Regression-Prevention Workflow Prompt

Use this prompt as the standing operating model for decompiler-quality cycles:

Current priority order:

1. x86 / x86-64 decompilation correctness and readable pseudocode quality.
   SLEIGH lift coverage is now good enough that day-to-day quality work should focus on source-semantic correctness and human-readable pseudocode for x86/x86-64 sample binaries.
   The goal is not only mechanically correct p-code/NIR, but final output that reads like useful C pseudocode.

   Focus areas:
   - control-flow recovery
   - if / else / switch / loop / break / continue structuring
   - pointer, array, struct, and field-access expressions
   - calling convention, parameter, and local-variable recovery
   - removal of unnecessary temporaries
   - C-friendly recovery of pointer arithmetic into array/index/field forms
   - return-value, accumulator, and loop-induction-variable cleanup
   - function-level pseudocode readability compared with Ghidra

2. Type and data abstraction.
   Improve struct, pointer, array, field access, calling convention, parameter, and local recovery at the NIR/HIR semantic layer, not by output-only substitution.

3. Large and hard function structuring.
   Improve small sample functions first, then extend to complex x86/x86-64 functions using CFG, dominance, post-dominance, SCC, dataflow, and fixed-point analysis.

4. Maintain SLEIGH lift correctness and prevent regressions.
   Do not add manual mappings in the SLEIGH engine. Keep `.sla` ConstructTpl execution as the success source, and do not grow legacy token cursor, BoundOperand fallback, or compatibility-classifier debt.
   When SLEIGH changes are necessary, validate row-level raw p-code parity first, then the canonical gate, then benchmarks.

5. FID/name recovery.
   Gradually improve packed `.fidb`, exact hash inputs, and program seeker coverage relative to Ghidra Function ID / signature / symbol ecosystems.

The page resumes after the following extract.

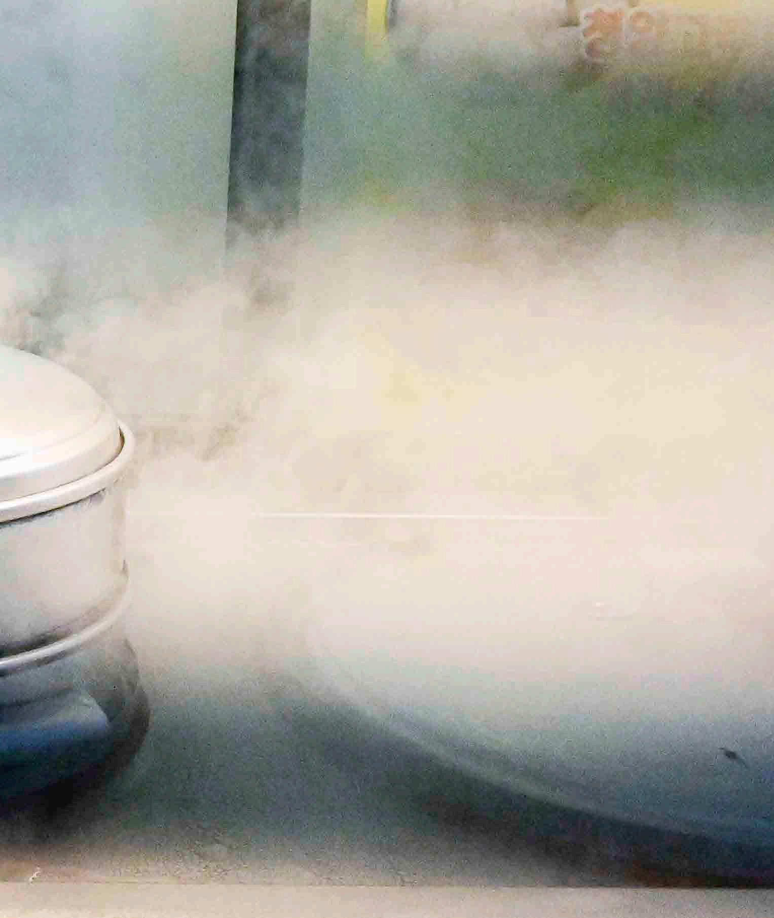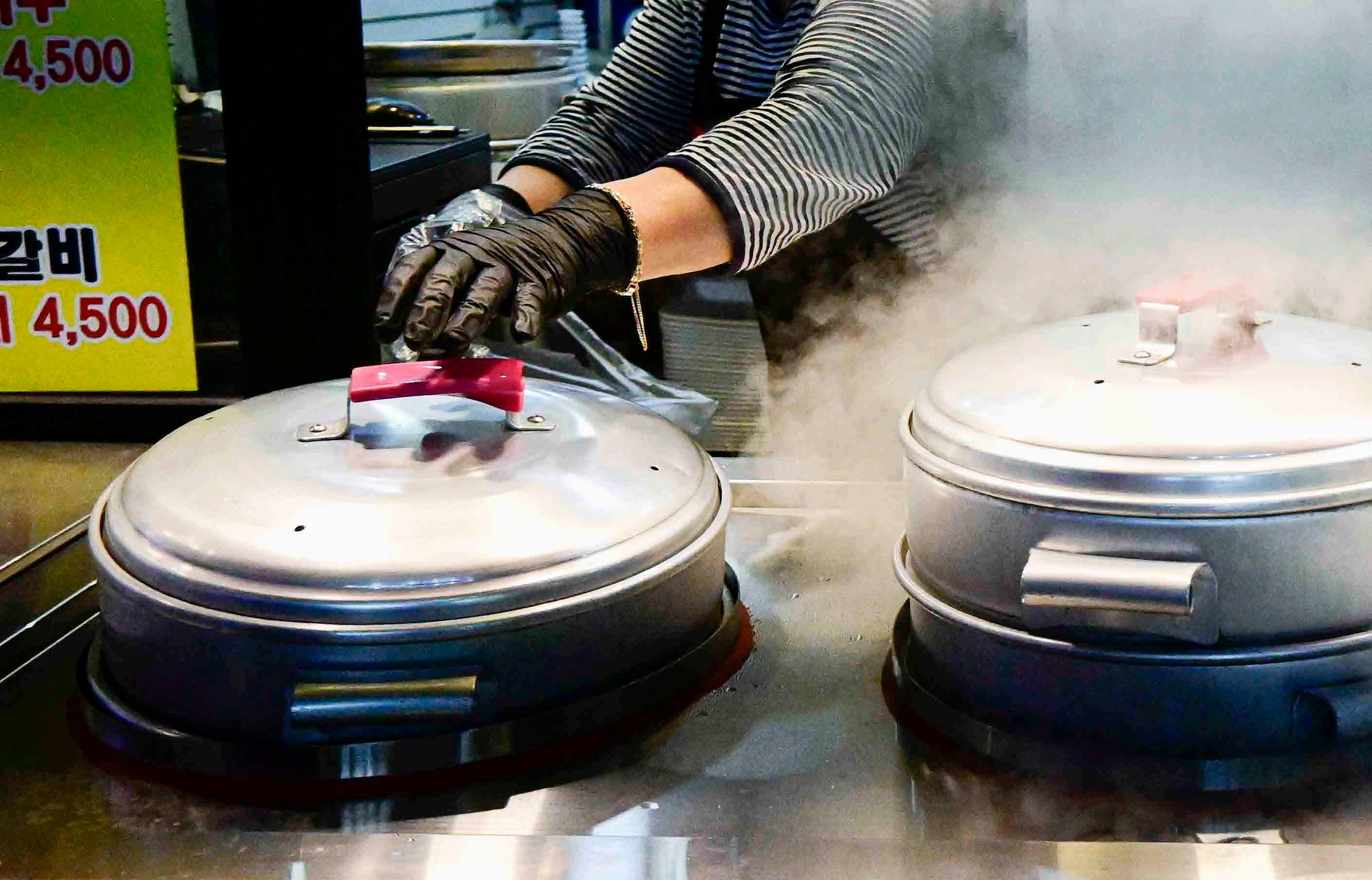Vapores intensos saindo das panelas de preparação de bolinhos cozidos em Seoul, Coreia.
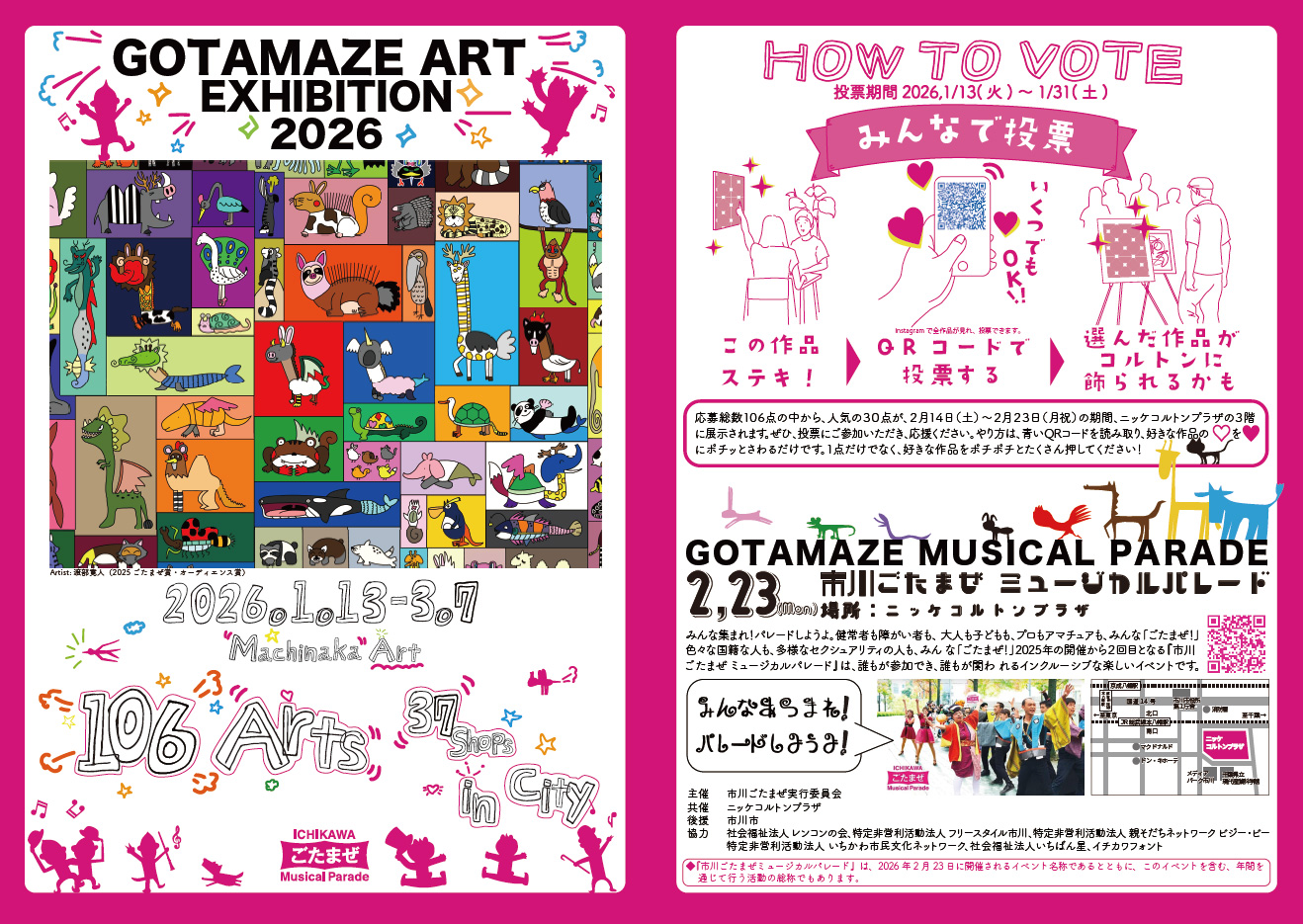 展示期間:2026年1月13日(火)から3月7日(土)まで、市川市の37の店舗・施設・病院などで「ごたまぜアート展」を開催します。

6. Architecture and file-format breadth.
   Expand to ARM, MIPS, PPC, ELF, and Mach-O advanced cases only after x86/x86-64 quality is strong enough.

Required principles:

1. Improve sample binary quality before real-world binary breadth.
2. Treat Ghidra as a cleanroom reference for algorithms, invariants, and edge cases.
3. Default to zero new production dependencies.
4. Prefer CFG, dominance, dataflow, fixed-point, and constraint-based reasoning over brittle pattern matching or temporary heuristics.
5. Avoid overfitting to one ISA/compiler, while keeping x86/x86-64 as the current optimization target.
6. Consider Rust libraries only when a confirmed long-term bottleneck cannot be solved internally. Do not add C++ bindings.
7. Prefer long-term maintainability and generalizable architecture over short-term output patches.
8. Make proposals and implementations valid across multiple future quality cycles, with explicit observability and verification.
9. Do not use estimates as evidence. Base claims on measured, reproducible data.
10. The final success criterion is actual improvement in `benchmark/source_semantic_benchmark` semantic correctness and pseudocode quality.

Resource rules:

- `/Users/sjkim1127/Fission/utils` contains reusable Fission resources, type information, signatures, and benchmark support data.
- Prefer existing resource loaders, `PathConfig`, `PATHS`, and resource-root mechanisms over hardcoded paths or duplicate implementations.
- Use `utils` only when it supports a maintainable semantic-layer design, not as a workaround.
- `/Users/sjkim1127/Fission/vendor` and especially `/Users/sjkim1127/Fission/vendor/ghidra/ghidra-Ghidra_12.0.4_build` are reference-only sources.
- Do not add runtime/build dependencies on vendor code, do not copy implementations, and do not add C++ bindings.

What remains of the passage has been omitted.